Le fait de regarder est une fonction spécifique qui suppose que l'on dirige son attention vers l'objet. Si cette fonction est déficitaire, l'enfant ne pose pas son regard sur l'objet, mais le laisse flotter d'un côté à l'autre. Un tel déficit est également difficile à diagnostiquer avec certitude. Il ne faut pas le confondre avec une difficulté de mise au point par insuffisance d'accommodation. La mesure du pouvoir accommodatif ne fait pas partie de l'examen ophtalmologique de routine ; il est pourtant souvent possible d'évaluer simplement la différence de réfraction en vision de près et en vision de loin en manipulant un objet qui intéresse l'enfant. Au moindre doute, on essaiera de voir si le port de lentilles convexes modifie son comportement.

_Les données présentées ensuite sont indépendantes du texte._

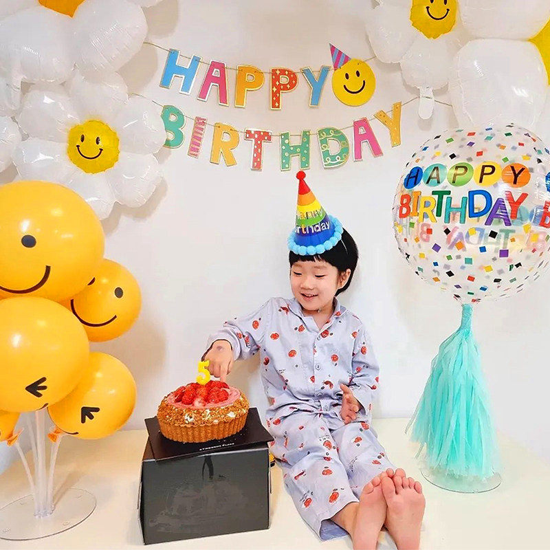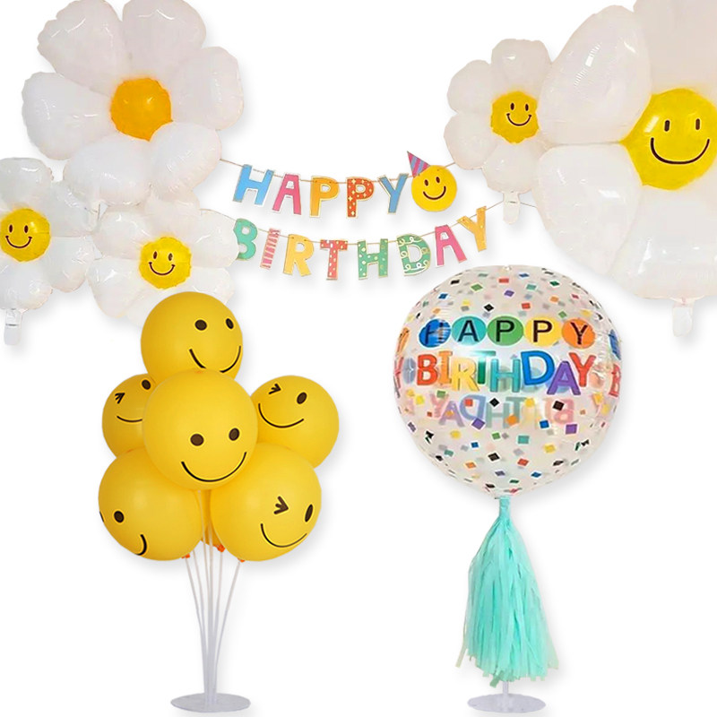 Laughs chicks suit Platinum smiling face Smiling Face table Smiley Face Table Floating Flag Suit Chick FLAG SUIT CHUCKLE Face Tie Arrangement Material Bag Birthday Hanging Cloth Table Flying Suit 4D Laughs Face Colorful Scraps Print Wave Ball
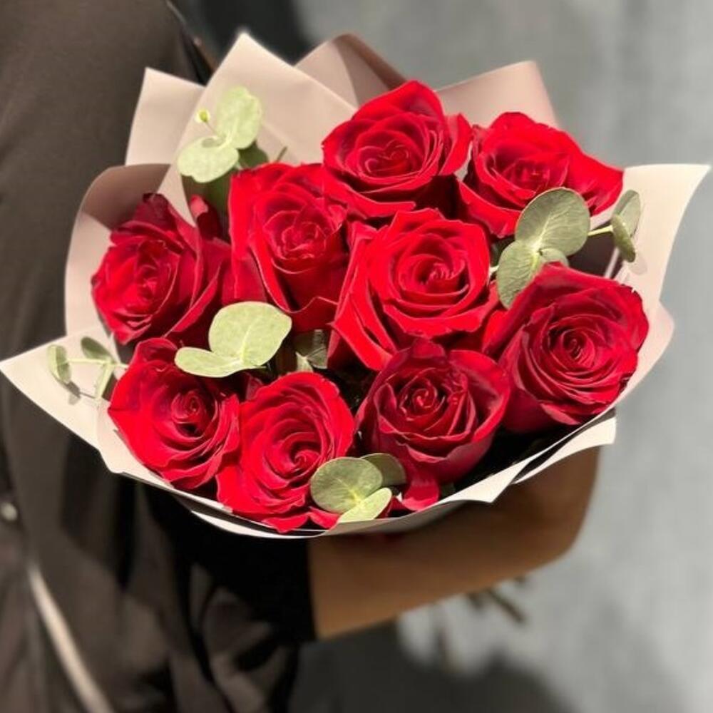 Эвкалипт – 3 шт.Лента атласная – 2 шт.Упаковка дизайнерская – 2 шт.бордовые эквадорских розы – 9 шт.

On considère souvent à tort que les caractéristiques autistiques font partie du tableau de déficience visuelle d'origine centrale. Il peut effectivement y avoir d'authentiques caractéristiques autistiques, mais dans un certain nombre de cas, le diagnostic est basé sur une interprétation erronée du comportement visuel de l'enfant. Le fait que l'enfant ne maintienne pas la fixation sur son interlocuteur mais laisse errer son regard peut faire porter à tort le diagnostic d'autisme par quelqu'un qui n'est pas familier du problème visuel. De la même façon, un enfant qui utilise sa fixation excentrique dirige son regard, non pas vers les yeux de son interlocuteur mais plus haut, en général au niveau de la ligne des cheveux ou un peu au-dessus ; il ne faut pas croire qu'il "évite le contact oculaire". Enfin, un enfant dont l'accommodation est perturbée semble ne pas fixer le visage de son vis à vis mais regarder au travers, et ce comportement peut aussi être confondu avec un trait autistique.

Avant de commencer l'examen, nous devons étudier en détail le comportement de l'enfant. Les enfants atteints de déficience visuelle d'origine centrale ont de nombreux points communs, diversement associés en fonction du siège des lésions. Les observations faites par les parents, les thérapeutes, les enseignants sont réunis dans un questionnaire recouvrant les aspects suivants du comportement de l'enfant :

  • le comportement visuel est variable : c'est la caractéristique la plus fréquemment retrouvée
  • l'enfant compense son déficit visuel par un développement précoce du langage
  • il le compense aussi par la mémoire
  • il préfère parler avec un adulte que jouer dans un groupe d'enfants
  • il évite les foules, et s'accroche à ses parents ; il redoute en particulier les plages et les piscines où la reconnaissance des visages est difficile
  • il commence à dessiner et à peindre tard ou pas du tout
  • il utilise plus la couleur que les autres enfants
  • il s'intéresse peu à la télé et aux bandes dessinées
  • il montre des signes de difficultés dans l'espace, s'arrêtant au niveau des escaliers et des ombres portées
  • parfois, il a appris les lettres et les chiffres très tôt, mais ne parvient pas à lire autre chose que des mots courts
  • il fait appel à ses frères et sœurs ou à ses parents dans les activités exigeant un effort visuel trop important
  • il se fâche lorsqu'on lui déplace même très peu ses jouets ou ses vêtements

Il faut poser ces questions lors d'entretiens avec les parents, les thérapeutes, les enseignants plutôt que de faire remplir des questionnaires pré imprimés. Ce serait d'ailleurs un grand progrès si ces questions pouvaient être posées dans les services de strabologie, où l'on traite beaucoup d'enfants sans s'apercevoir qu'ils ont une atteinte importante des fonctions visuelles supérieures.

Les techniques de compensation utilisées avec succès en maternelle s'avèrent inefficaces pour l'apprentissage de la lecture et du calcul. L'école primaire devient souvent un lieu de déception et de détresse pour un enfant qui, jusque là, apprenait avec enthousiasme.